Are you noticing the factors that are affecting your communications, not the least of which could be your elderly loved one(s) memory lapse along with their hearing loss? Like, maybe your mom is forgetting that on Mother’s Day you always exchanged gifts and cards. Or, maybe your father just called you to ask when your birthday was. Or, your elderly friend is forgetting when s/he had their last meal.
As a sibling, you may be noticing the struggle with your “new” mother/father, as you find yourself desperate for the return of your “old” parent… which was the walking family story teller, the best cook in the world, and the fiercest scrabble competitor on the planet.
Are you spending more and more time assisting your elderly loved one around their home?… Or, might you be finding yourself driving to and from appointments, which previously were errands that they handled easily by themselves?
Feelings of sadness that come with past parental reflections can be one of the most powerful of emotions for anyone to negotiate. As well as, dealing with new surroundings… like, a parent that can’t grasp a fork and a knife in their arthritic hands, or, your senior finding it ever more difficult to negotiate simple tasks. Feelings of despair for one-self and sympathy for your elderly loved one is a tough situation to find yourself in, indeed.
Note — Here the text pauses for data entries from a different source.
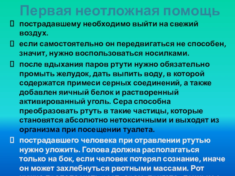 пострадавшего человека при отравлении ртутью нужно уложить. Голова должна располагаться только на бок, если человек потерял сознание, иначе он может захлебнуться рвотными массами. Рот нужно прополоскать раствором, приготовленным с добавлением бертолетовой соли.
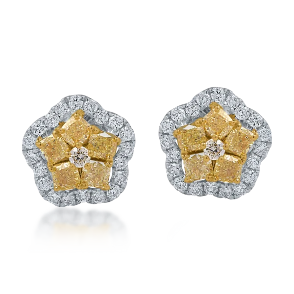 Cercei floare din aur alb-galben cu diamante galbene si incolore de 1.5ct
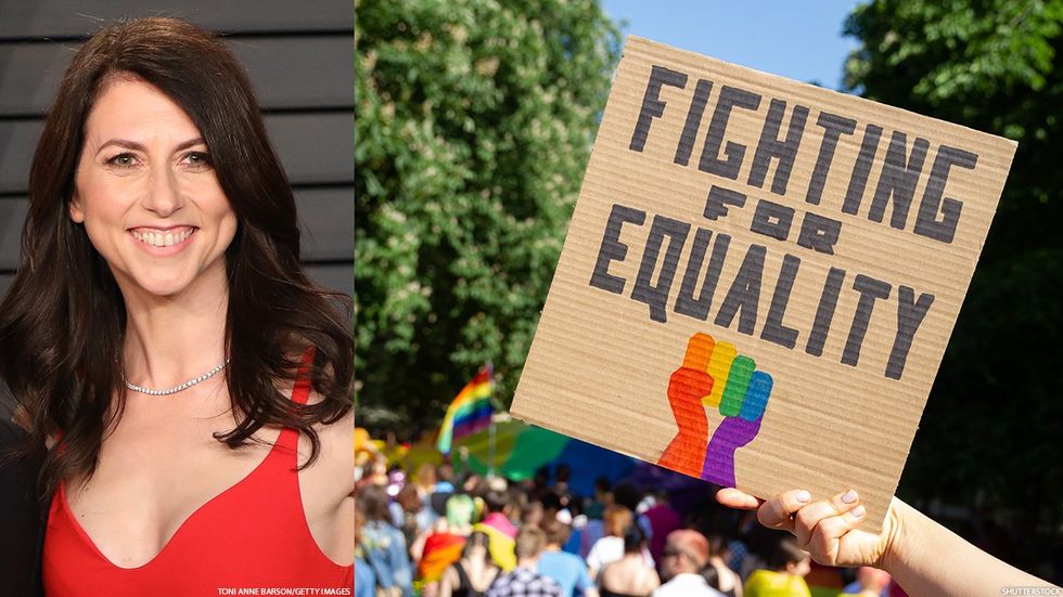 Pictured: MacKenzie Scott and an LGBTQ+ rights demonstrator
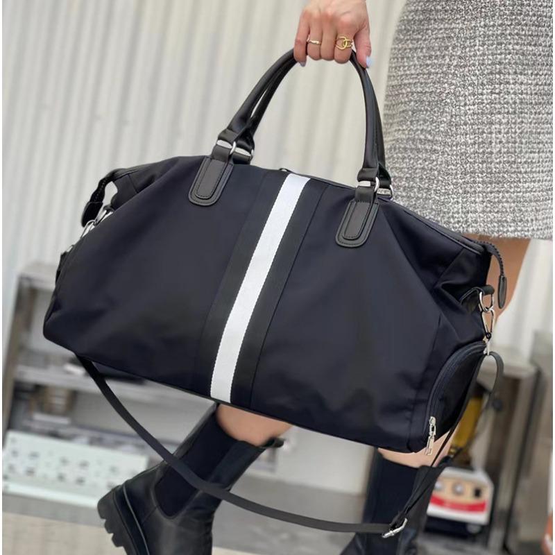 Стильный и практичный дизайн: Эта дорожная сумка, подходящая для людей разного пола, имеет классический черный нейлоновый корпус с заметной белой полосой, проходящей по центру, что создает яркий цветовой контраст.. Кожаные вставки на ручках и ремешке добавляют нотку изысканности..
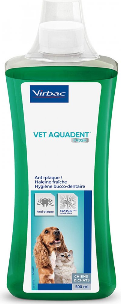 Tento speciálně vyvinutý dentální roztok pro psy a kočky zlepší ústní hygienu vašeho mazlíčka jednoduchým a účinným způsobem. Díky praktickému odměrnému uzávěru stačí nalít 2,5 ml roztoku Virbac Vet Aquadent do 250 ml vody. Jeho svěží chuť váš mazlíček obzvlášť ocení a zároveň mu pomůže bojovat proti zápachu z úst. Technologie FRESH™ představuje inovativní směs přírodních složek, které zabraňují tvorbě zubního plaku a zápachu z úst, díky čemuž je zubní roztok Virbac Vet Aquadent jednoduchým a účinným způsobem, jak podpořit zdraví ústní dutiny vašeho domácího mazlíčka. Charakteristika zubního roztoku Virbac Vet Aquadent pro psy a kočky: zubní roztok pro psy a kočky od 6 měsíců věku nové složení na bázi přírodních složek: bez xylitolu, bez chlorhexidinu, bez parabenů extrakt z granátového jablka: pomáhá redukovat zubní plak a zápach z úst erytritol: snižuje tvorbu zubního plaku, omezuje hromadění bakterií a poskytuje osvěžující účinek inulin: pomáhá snižovat zažívací zápach z úst svěží dech: účinně bojuje proti zápachu z úst snadné dávkování: praktický odměrný uzávěr a ergonomická lahvička snadné použití: jednoduše nasypete do nápoje vašeho domácího mazlíčka, což je jednoduchý a účinný způsob, jak podpořit zdraví ústní dutiny svěží chuť: pro lepší chutnost vyvinuto odborníky na zdraví zvířat: Laboratoře Virbac vytvářejí přípravky pro zdraví zvířat již od roku 1968. Tento rodinný podnik, který je uveden na seznamu, je proslulý svou kvalitou i inovativními recepturami.
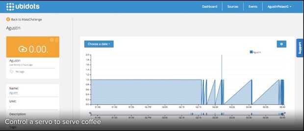El Servo está conectado a pin D3 en el Kit de Grove. Puede configurar este Servo para accionar cualquier válvula de física, como una máquina de café. Hice un simple posavasos por el bien de la demo.
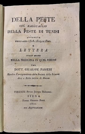 In 8° (20,5x13,3 cm); IV, 112 pp. e una grande c. di tav. fuori testo più volte ripiegata. Brossura novecentesca marmorizzata. Rarissima prima edizione di questa monografia del medico Giuseppe Passeri della peste che colpì Tunisi tra il 1818 ed il 1820. L'opera analizza la storia delle epidemie di peste che colpirono il territorio di Tunisi nel corso della storia per studiare da testimone oculare l'ultima virulenta epidemia, descriverne il propagarsi e le cure adottate per contenere il contagio e guarire gli infetti. La grande tavola fuori testo contiene le "Osservazioni Termometriche e Meteoriche e Barometriche trasmessemi dall'illustriss. Sig. Giuseppe-Emilio Ambert Maggiore del Genio al Servizio di S. M. il Re dei Paesi Bassi, e stato in Tunisi direttore delle Fortificazioni alla Goletta. L'ultimo capitolo, scritto da Giacomo Barzellotti professore di medicina presso l'Università di Pisa che descrive lo "stato della Medicina nel Regno di Tunisi". Un leggerissimo alone al frontespizio, ininfluente e per il resto esemplare in buone-ottime condizioni di conservazione. Raro.
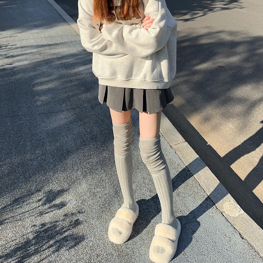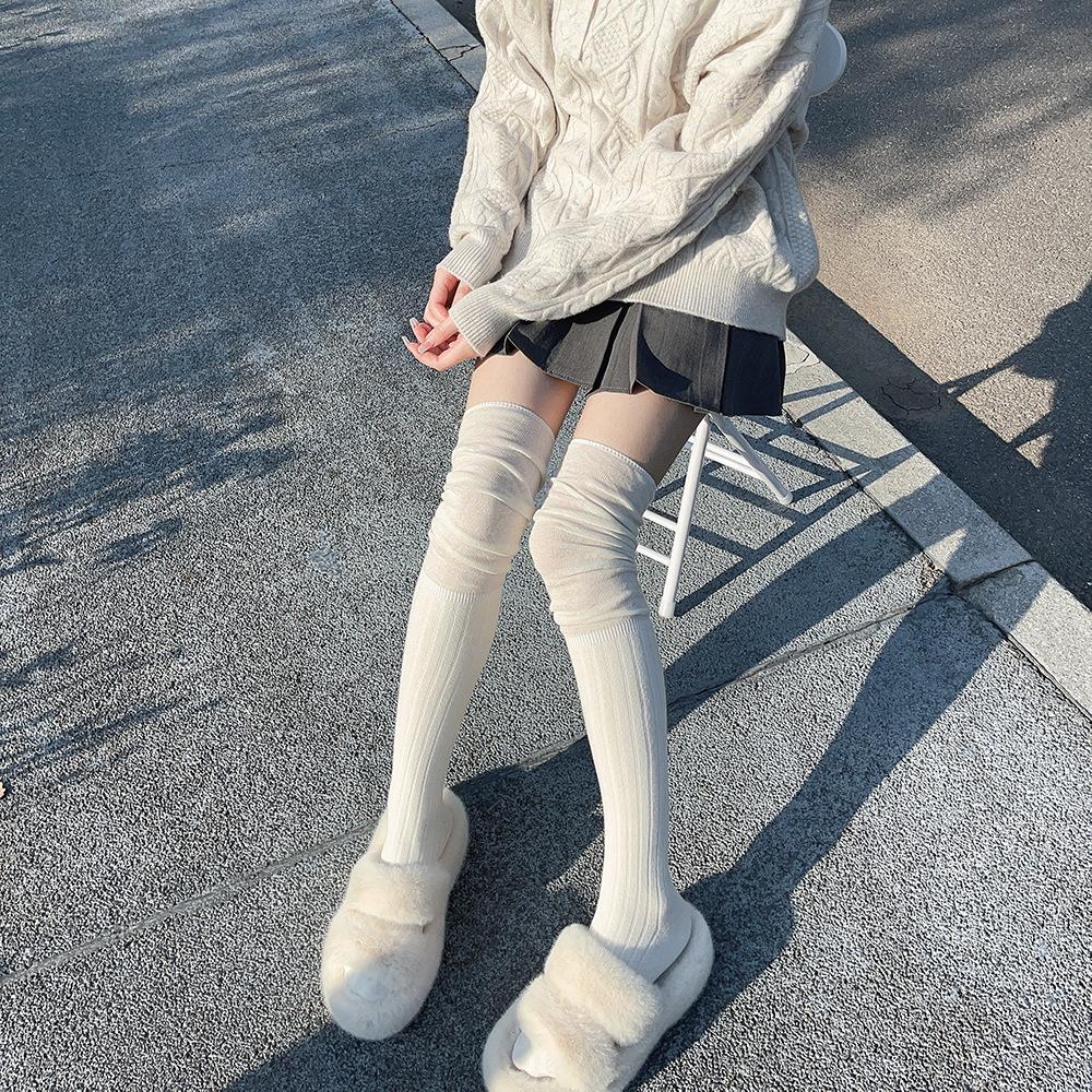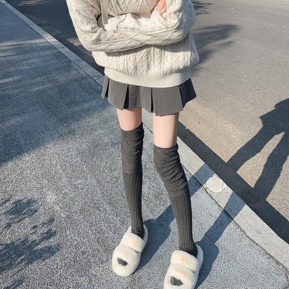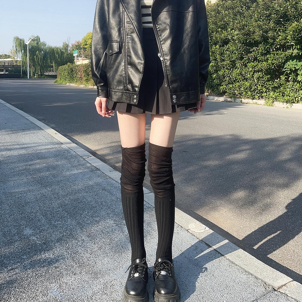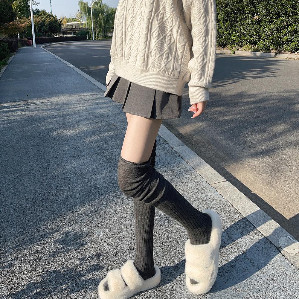 Calcetines altos hasta la rodilla de color sólido con costuras, estilo coreano simple de viento puro, patrón vertical adelgazante, calcetines altos de moda para otoño e invierno
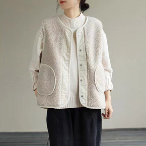 8712#冬宽松牛仔马甲女两面穿仿羊羔毛中长款加厚...

As a caregiver, (and in order to cope) you may find it difficult to reach-out and ask for some advice from others that are going through the same concerns and experiences for encouragement, along with the experts, which can provide insights. But reaching out you must in order to comfort your soul.
Remember to also keep in mind ‘who’ your parent’s/friend used to be and cherish those memories no matter what. Cry, rejoice and live the moment of the beauty that life gave the both of you. If you’re that care-giving son, daughter or friend… these times can be certainly confusing. You may never get over seeing such radical day to day changes. But, you’ll certainly want to appreciate ‘with gratitude’ the bountifulness that comes with your wonderful memories.
Yes indeed, be good to yourself as that ever important caregiver!